*Exercise details:*
Exclude images, then output the remaining data verbatim.

*Data excerpt:*
-*-*-

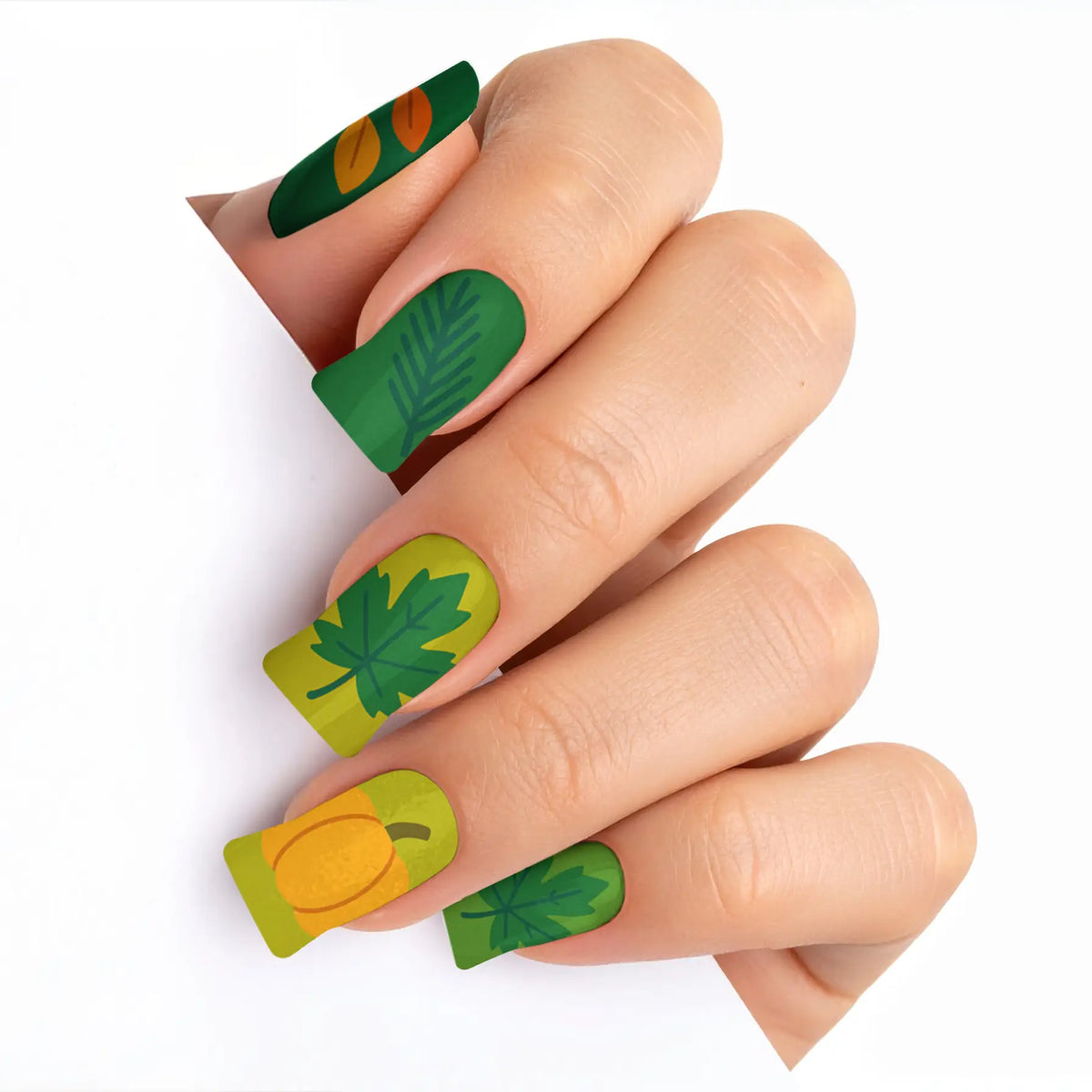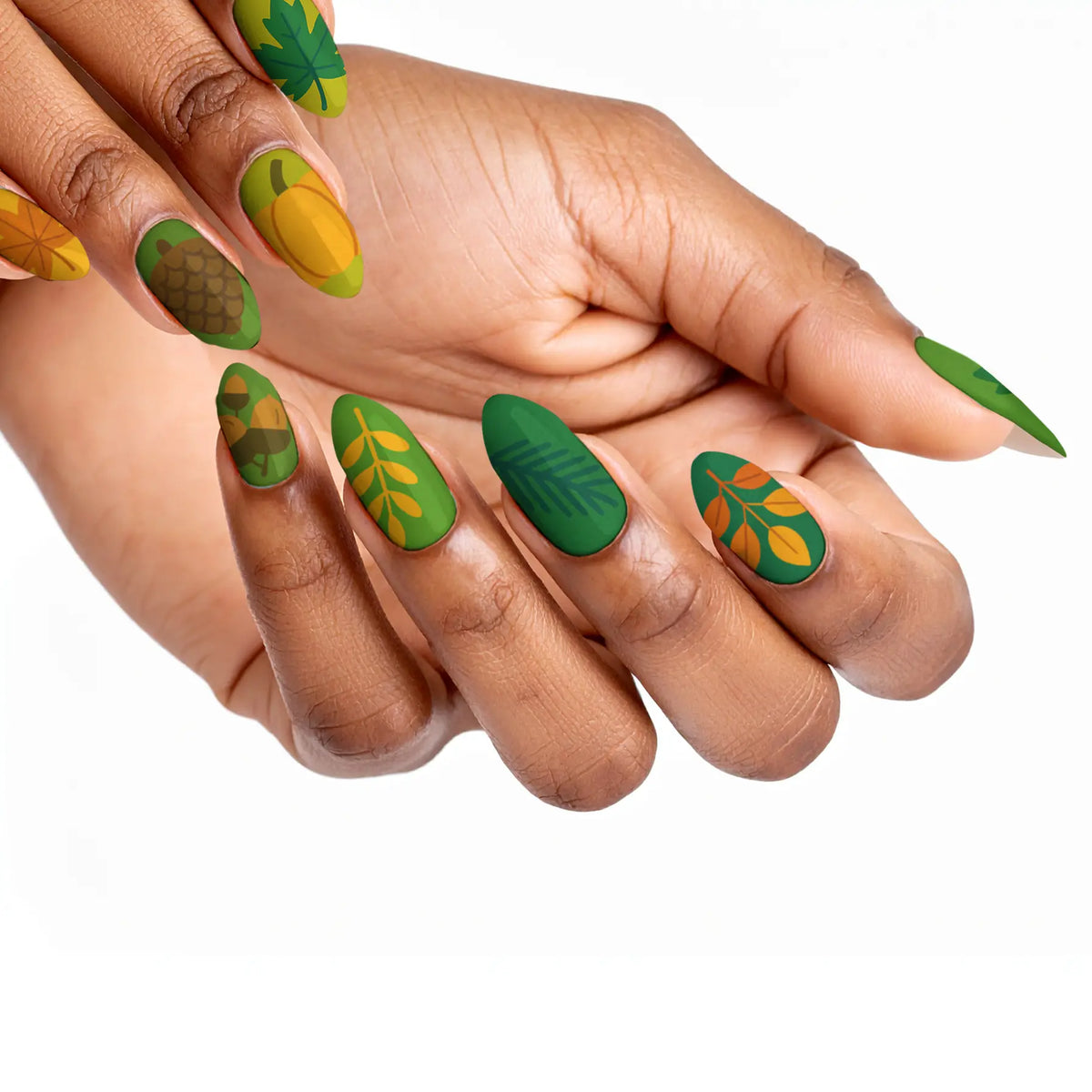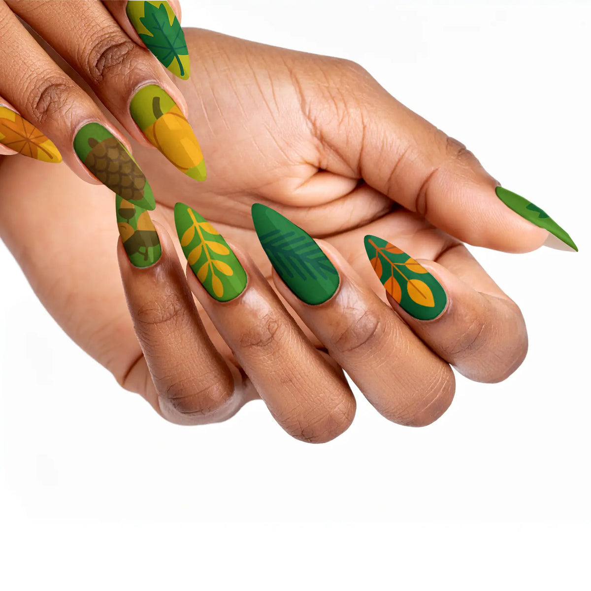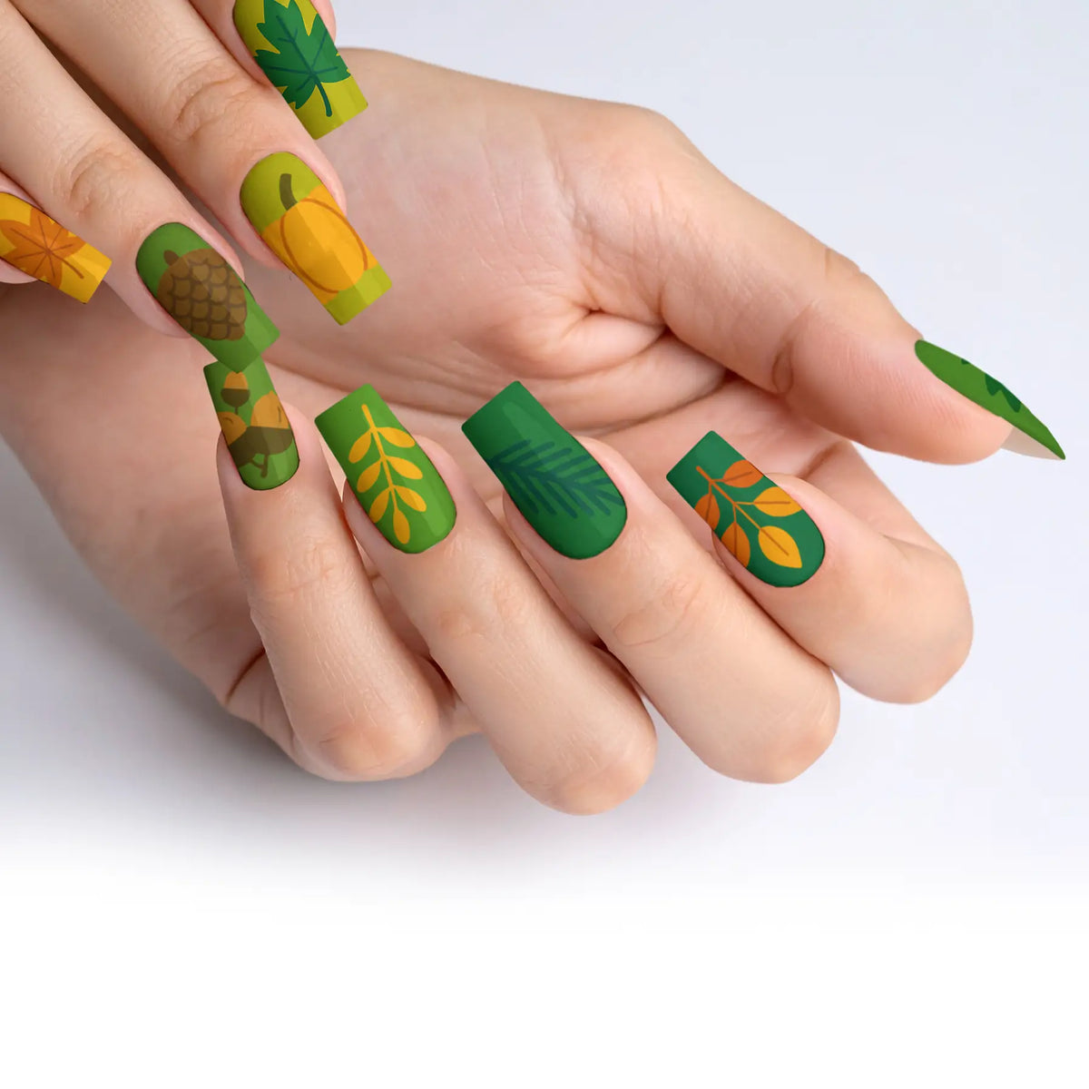 Step into a world of natural elegance with our Verdant Whirl Green Fall Press-On Nails, designed for those who adore the rich allure of green. This collection features 12 exclusive designs, each capturing the essence of the season's transition from the golden tones of autumn to the deep greens of evergreen forests. Enjoy salon-like quality in the comfort of your home, with shades that bring the vibrancy of nature to your fingertips.
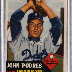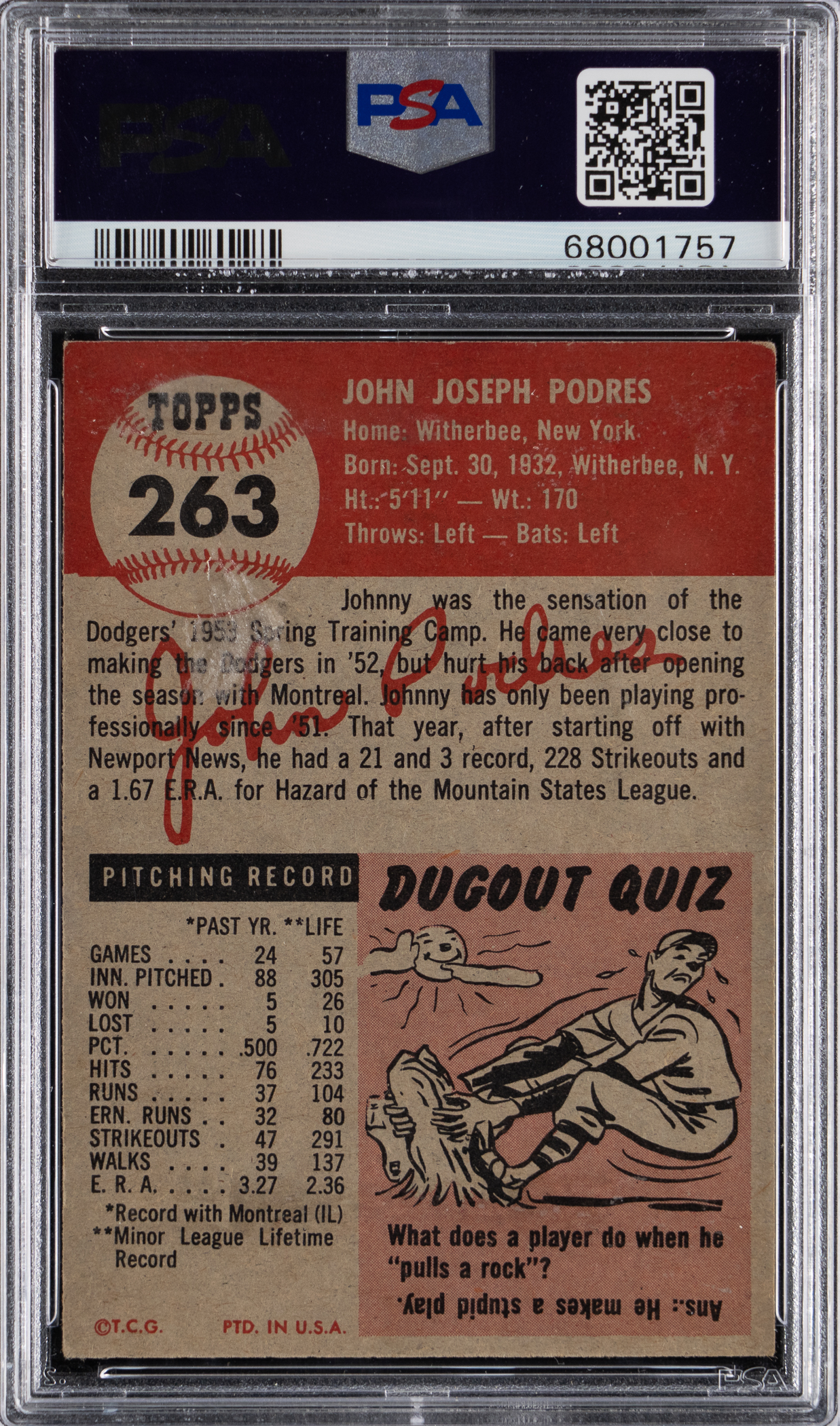 Graded VG-EX 4 by PSA. The rookie high number of Brooklyn Dodgers star pitcher (and World Series hero) Johnny Podres. Shortprint.
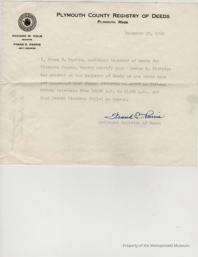 Certification by Frank E. Parris, Assistant Register of Deeds, Plymouth County, George E. Eldridge was present and requested that Joseph Cincotta be paged (failed to appear).Collection
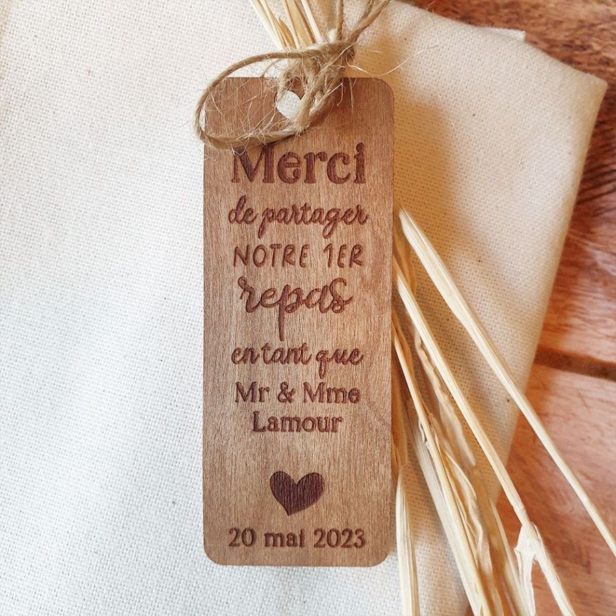 Adorables étiquettes en papier bois à accrocher à vos couverts pour remercier vos invités.

-*-*-

*Exercise response:*
 Step into a world of natural elegance with our Verdant Whirl Green Fall Press-On Nails, designed for those who adore the rich allure of green. This collection features 12 exclusive designs, each capturing the essence of the season's transition from the golden tones of autumn to the deep greens of evergreen forests. Enjoy salon-like quality in the comfort of your home, with shades that bring the vibrancy of nature to your fingertips.
 Graded VG-EX 4 by PSA. The rookie high number of Brooklyn Dodgers star pitcher (and World Series hero) Johnny Podres. Shortprint.
 Certification by Frank E. Parris, Assistant Register of Deeds, Plymouth County, George E. Eldridge was present and requested that Joseph Cincotta be paged (failed to appear).Collection
 Adorables étiquettes en papier bois à accrocher à vos couverts pour remercier vos invités.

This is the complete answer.